I have always believed in, and will continue to, naively perhaps, believe in the basic good of humankind and trust that, in this day of more open communication about people’s lives, my classmates will respect my blogging as long as I don’t talk about them. The only reason they would have to smear me over it would be some desire to drag me down and, believe me, I’ve already hit rock bottom this year. Nowhere to go but up now. :wink: You’d think after years of being the picked-on fat kid, I’d know that some people are just mean for the sake of being mean, but I really believe that meanness stems from insecurity.
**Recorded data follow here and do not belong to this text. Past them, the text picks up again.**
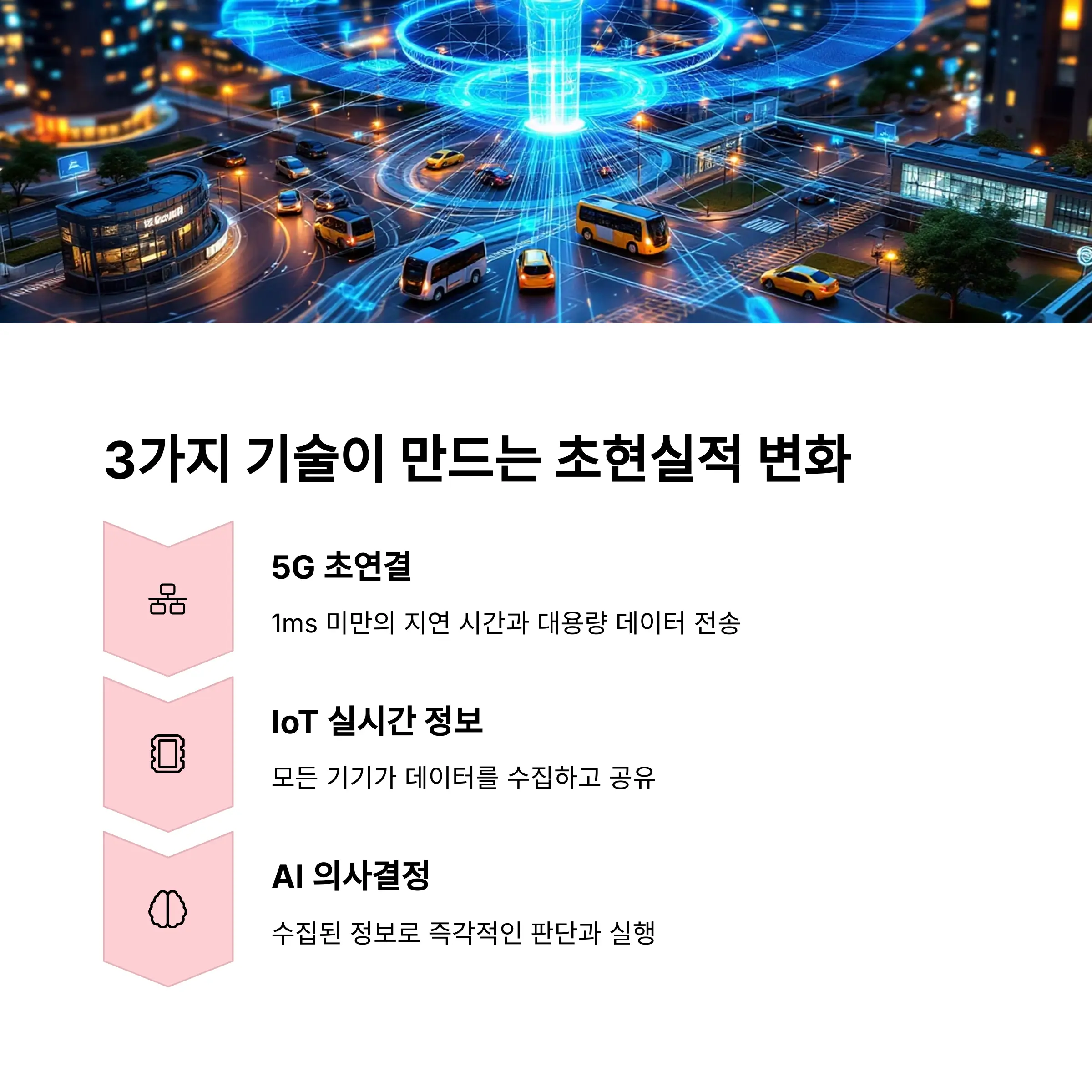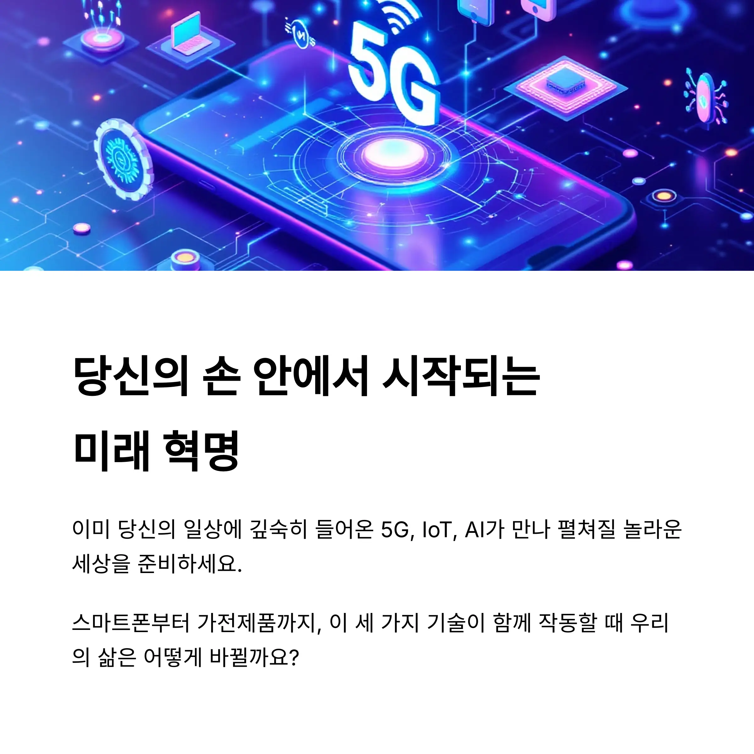 우리는 이미 5G 스마트폰을 쓰고, 집에는 IoT 가전이 있고, 검색창 뒤엔 AI가 있습니다. 그런데 이 셋이 진짜 '함께' 움직이기 시작하면 무슨 일이 일어날까요? 하나하나도 놀라운 기술이지만, 이 조합이 만드는 미래는 차원이 다릅니다. 단지 속도가 빠르거나, 기기가 연결되거나, AI가 똑똑해지는 게 아니에요. 이 셋이 실시간으로 정보를 주고받으며 자동화된 반응을 만들고, 그 결과는 사람의 생활 방식 자체를 바꿉니다. 상상해보세요. 누군가 생각하기도 전에 이미 실행되는 세상. 그게 바로, 지금 우리 코앞에 와 있습니다.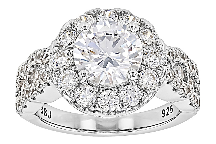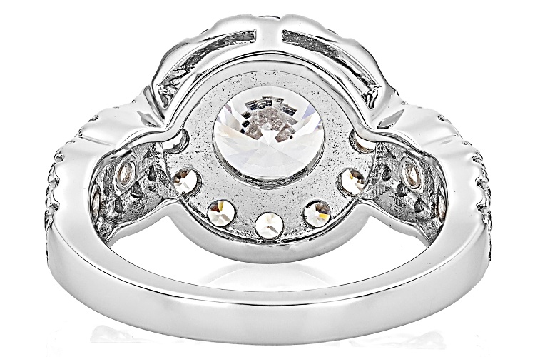 Bella Luce® white diamond simulant 6.04ctw round, rhodium over sterling silver ring. Measures approximately 0.81" L x 0.50" W and is not sizeable. The diamond equivalent weight is 3.66ctw.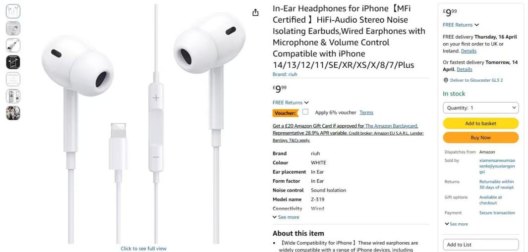 | 4 | 4 | riuh In-Ear Headphones for iPhone | UK | 1383484 |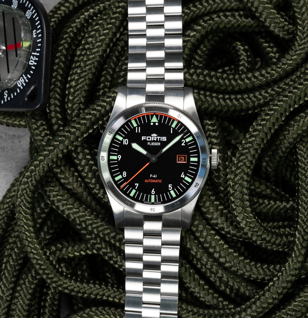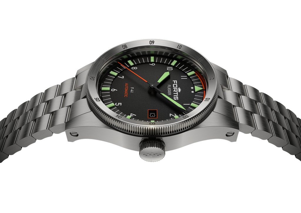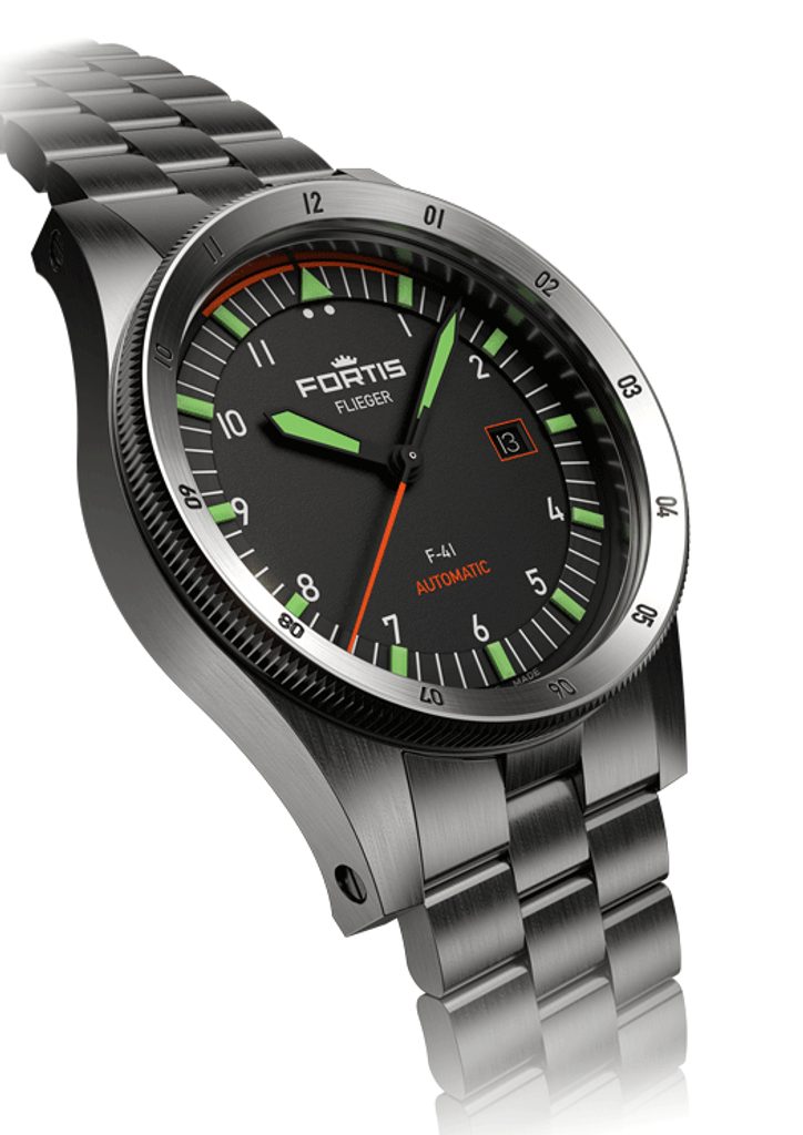Švajčiarske hodinky Fortis Flieger F-41 Automatic F4220008 na prvý pohľad zaujmú typickým pilotným dizajnom s jasným rukopisom značky Fortis. Zdobí ich dokonalá prehľadnosť, robustnosť a odolnosť. Tieto hodinky skvele poslúžia nielen v kokpite lietadla, ale aj pri každodennom nosení.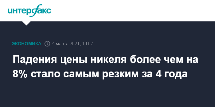 Москва. 4 марта. INTERFAX.RU - Цена никеля упала более чем на 8% в ходе торгов в четверг, до $15,945 тыс. за тонну, на фоне ослабления опасений относительно дефицита металла.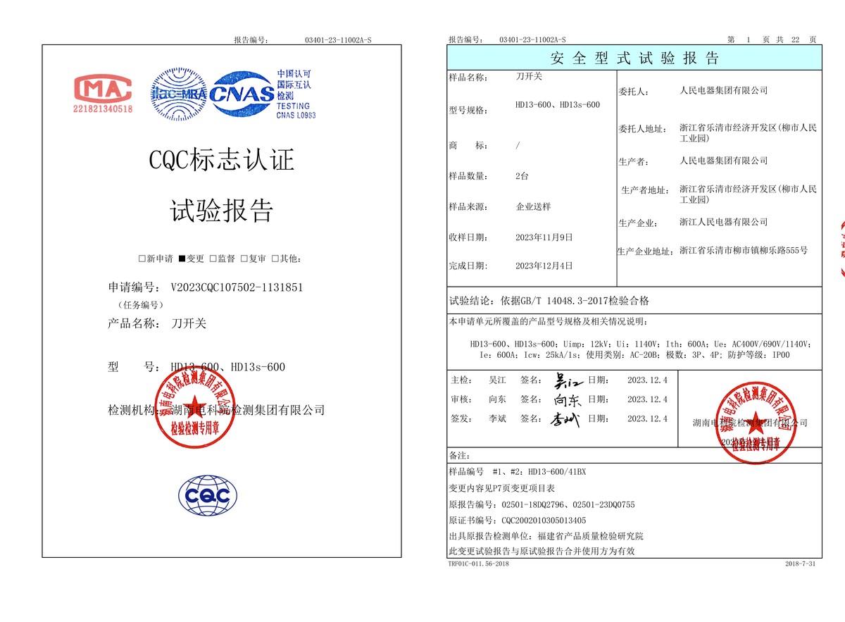CQC试验报告(202312):HD13-600,HD13s-600刀开关(点击下载)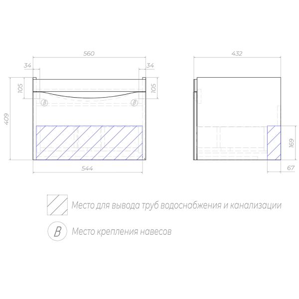 Тумба под раковину подвесная Velvex Vizo tpVIZ.60.1Y-21, 60 см: 1 выдвижной ящик.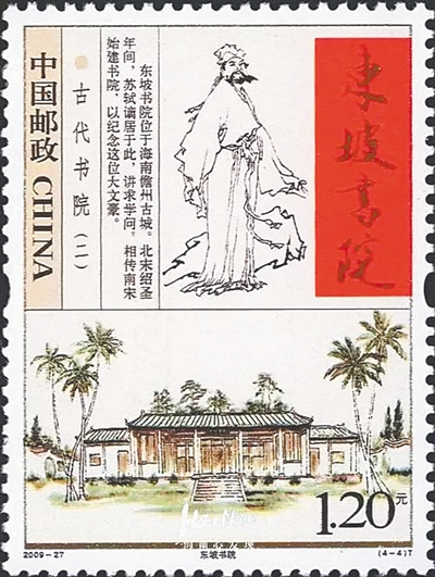 中国古人讲求诗礼传家,在千百年历史流转中,承载着思潮与文明的书院应运而生。2009年11月15日,全套4枚的2009-27《古代书院(二)》特种邮票发行,位于儋州市中和镇的东坡书院登上邮票,铭刻下苏轼在海南传经授业,赓续文化的场所。

And even when the kids picked on me growing up, I just smiled sweetly and continued to work hard. I have family that loves me, a job I enjoy and friends I treasure. That’s all that really matters.

5 Responses to “Blogging Risks and Rewards”

  1. ptlawmom says:

    Thank you so much for the kind comment. I know I for one am too exhausted to be mean. :mrgreen:

  2. Hear, hear! I just wanted to say that I love the honesty of your blog. You also make me genuinely laugh, so thank you. In terms of whatever happened to prompt this post, I like your attitude toward the issue. Not only are people insecure, but they also have a lot of emptiness in their lives. It certainly takes a lot more energy to be mean-spirited, than to be kind.

  3. butterflyfish says:

    This is a lot closer to where I am about it now, which is why I think the blog is better lately. (“Better” with me a relative.) When I am paranoid, I write less and less well.

  4. any says:

    I love your blog and your open honesty. It is a much needed breath of fresh air in a world of phony people hiding behind a phony life. I look forward to your post, thank you.

  5. Sounds like a pretty good attitude about all of it. And I’m with you on the belief that people are inherently good and that those people who are mean are really struggling with insecurity. I’ve always felt that way. I can’t say that it always means I handle it well, but I try to remind myself when I get all cranky about it.